• 1 January 1984
    • journal article
    • research article
    • Vol. 43  (7) , 887-899
Abstract
Peptide methyl ketones are efficient competitive inhibitors of thermitase while the chloromethyl ketone derivatives in general inhibit the enzyme irreversibly. The affinity increases by elongation of the peptide chain up to 4 residues indicating an interaction of the ligand with an extended binding site in thermitase. The P1 residue is phenylalanine in most of the inhibitors, according to the substrate specificity of thermitase for phenylalanine and other hydrophobic amino acids.

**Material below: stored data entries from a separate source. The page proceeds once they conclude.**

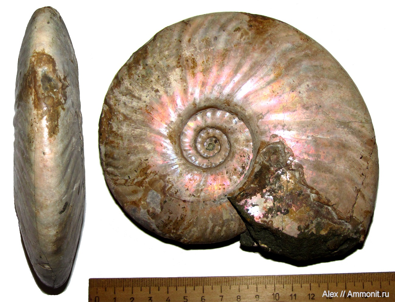 Макроконх Cleoniceras sp. с Мадагаскара, приобретенный на Ebay. Эти аммониты были довольно крупными. У него красивый перламутр, который очень трудно нормально сфотографировать.
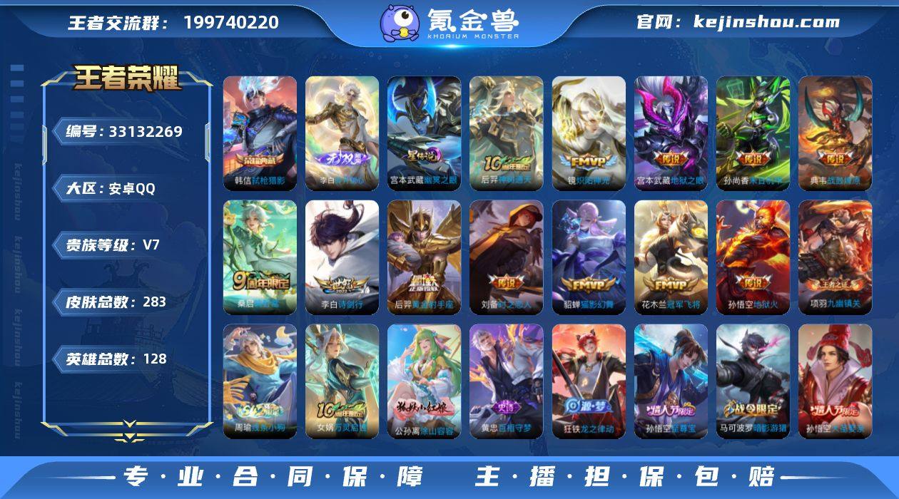 【特价出售/店主推荐/2市标/32段打野】:安卓Q-V7-最强王者段位-128英雄-283皮肤-1典藏皮肤-1无双-1星元-12传说-69史诗 【英雄全皮】:孙权全皮,敖隐全皮 【荣耀典藏】:韩信弑枪猎影 【无双皮肤】:李白碎月剑心 【传说皮肤】:后羿神树通天,桑启鸣野蒿,典韦战鼓燎原,李白诗剑行,镜炽阳神光,刘备时之恋人,貂蝉猫影幻舞,花木兰冠军飞将,后羿黄金射手座,孙尚香末日机甲,宫本武藏地狱之眼,孙悟空地狱火 【限定皮肤】:白起狰,姜子牙天穹之誓,狄仁杰阴阳师,赵云皇家上将,孙尚香蔷薇恋人,鲁班七号狮舞东方,高渐离死亡摇滚,钟无艳超时空战士,芈月重明,周瑜赤莲之焰,元歌无心,夏侯惇朔风刀,甄姬落雪兰心,曹操烛龙,典韦穷奇,马可波罗暗影游猎,狄仁杰魔术师,狄仁杰万华元夜,达摩沙漠行僧,项羽海滩派对,老夫子醍醐杖,程咬金演武夺筹,兰陵王驯魔猎人,兰陵王金庭之子,孙悟空至尊宝,孙悟空大圣娶亲,牛魔御旌,后羿辉光之辰,李元芳银河之约,李元芳云中旅人,钟馗神迹守卫,雅典娜黎明之约,蔡文姬繁星吟游,太乙真人饕餮,鬼谷子原初探秘者,鬼谷子五谷丰年,百里玄策原初追逐者,弈星混沌棋,梦奇顽趣,沈梦溪星空之诺,沈梦溪大漠名商,明世隐疑...
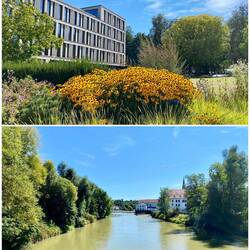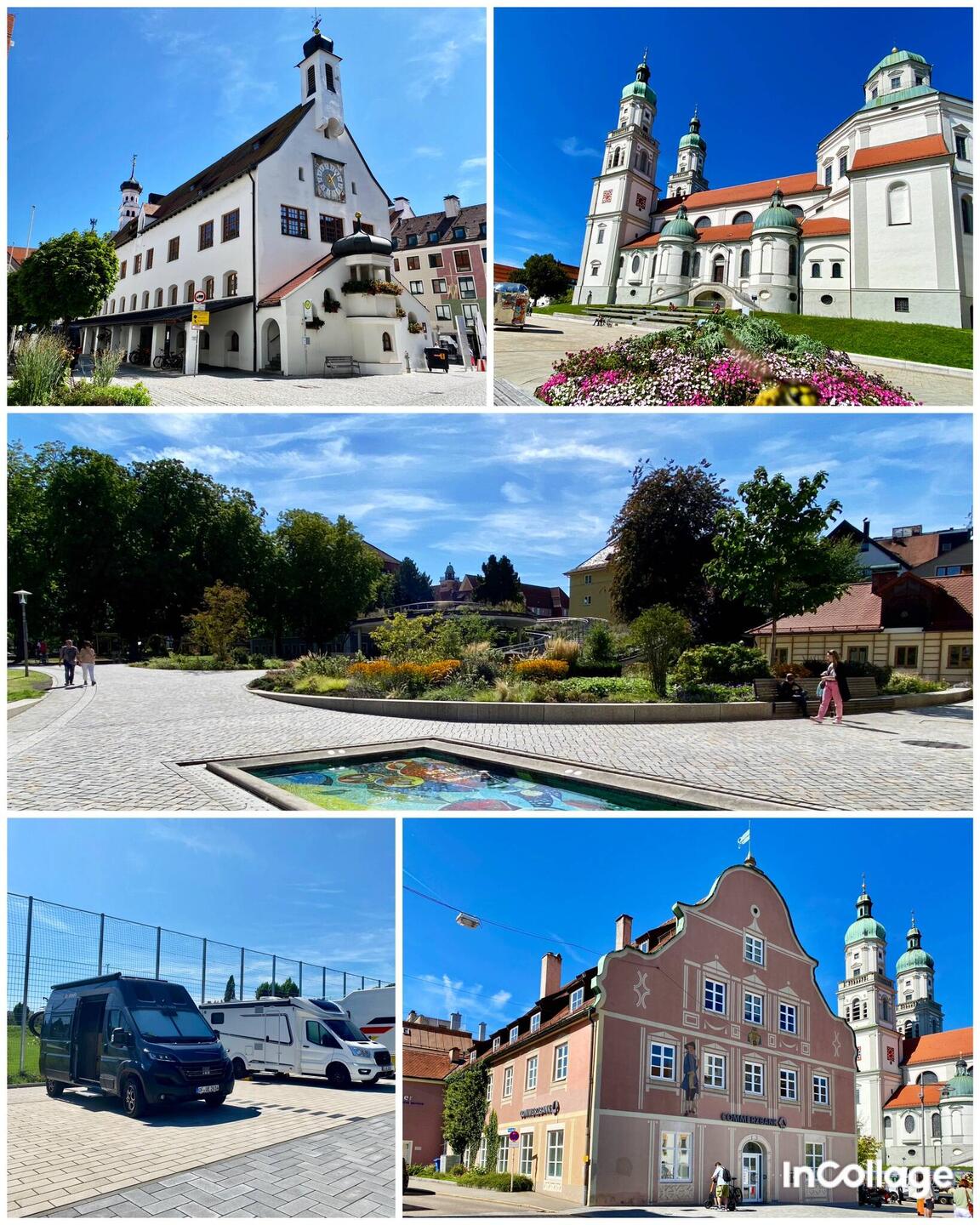 Nach unserem ersten Zwischenstopp gestern nur eine Stunde von daheim entfernt sollte es heute bis in den Allgäu gehen. Am liebsten wären wir heute schon bis Oberstdorf gefahren, aber dort unten war alles ausgebucht übers Wochenende. Deshalb hatten wir uns Kempten als Alternativziel rausgesucht - die Stadt kannten wir beide noch nicht und es gibt dort einen sehr neuen zentral gelegenen Stellplatz mit guten Bewertungen. Kurz nach 8 Uhr starteten wir unsere Tour. Die Autobahn war teilweise recht voll, da war einiges an Ferienverkehr unterwegs, so wie wir auch 😉. Man kann online sehen, wieviele der 38 Plätze auf dem Stellplatz frei sind. Über Nacht war er voll belegt, aber morgens wurden einige Plätze frei und so bekamen wir, als wir mittags ankamen, zum Glück noch einen freien Platz. Wir frühstückten noch im Camper, dann starteten wir zur Stadterkundung. Der Stellplatz liegt direkt an der Iller, nur wenige Fussminuten vom Zentrum entfernt.

Peptide ketones protected with the hydrophobic bencyloxycarbonyl group at the N-terminus are bound to the enzyme more tightly than the corresponding acetyl compounds. As reversible inhibitors peptide methyl ketones form a tetrahedral hemiketale with the oxygen of the active serine. In the case of the chloromethyl ketones this complex is stabilized by covalent binding to histidine-64. The inductive effect of the halogen favors the formation of the hemiketale and is expressed in .apprx. 20 times lower inhibition constants of the chloromethyl ketones. Kinetic experiments show a corresponding behavior in effector binding by thermitase and subtilisin in the S region, and from this point of view also indicate a high similarity of the active centers of both enzymes.